Lines below that include the word "with" should each be copied.

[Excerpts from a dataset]
○ ○ ○ ○ ○
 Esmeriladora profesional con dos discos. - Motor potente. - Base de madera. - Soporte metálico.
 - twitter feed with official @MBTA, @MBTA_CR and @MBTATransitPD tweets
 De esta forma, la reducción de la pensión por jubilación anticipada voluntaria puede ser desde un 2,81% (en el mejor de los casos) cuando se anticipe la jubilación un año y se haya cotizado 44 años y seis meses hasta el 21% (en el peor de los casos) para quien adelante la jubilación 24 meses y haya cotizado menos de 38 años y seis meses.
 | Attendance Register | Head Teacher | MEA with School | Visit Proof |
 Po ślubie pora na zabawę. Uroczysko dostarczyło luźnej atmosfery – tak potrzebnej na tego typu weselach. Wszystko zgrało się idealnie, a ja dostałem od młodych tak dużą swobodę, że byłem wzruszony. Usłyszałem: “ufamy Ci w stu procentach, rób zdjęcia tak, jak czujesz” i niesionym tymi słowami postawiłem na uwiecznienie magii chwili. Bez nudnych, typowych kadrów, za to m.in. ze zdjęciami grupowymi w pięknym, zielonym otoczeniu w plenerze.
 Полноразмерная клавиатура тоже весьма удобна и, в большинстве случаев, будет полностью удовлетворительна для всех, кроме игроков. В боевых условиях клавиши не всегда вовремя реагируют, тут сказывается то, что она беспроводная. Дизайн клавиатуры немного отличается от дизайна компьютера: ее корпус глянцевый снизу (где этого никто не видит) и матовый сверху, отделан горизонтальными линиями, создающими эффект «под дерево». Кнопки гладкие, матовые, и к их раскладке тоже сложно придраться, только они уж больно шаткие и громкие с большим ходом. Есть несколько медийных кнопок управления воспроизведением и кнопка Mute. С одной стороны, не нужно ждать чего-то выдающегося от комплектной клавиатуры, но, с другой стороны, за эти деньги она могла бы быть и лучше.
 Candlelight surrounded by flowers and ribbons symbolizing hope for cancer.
○ ○ ○ ○ ○
Output:
 - twitter feed with official @MBTA, @MBTA_CR and @MBTATransitPD tweets
 | Attendance Register | Head Teacher | MEA with School | Visit Proof |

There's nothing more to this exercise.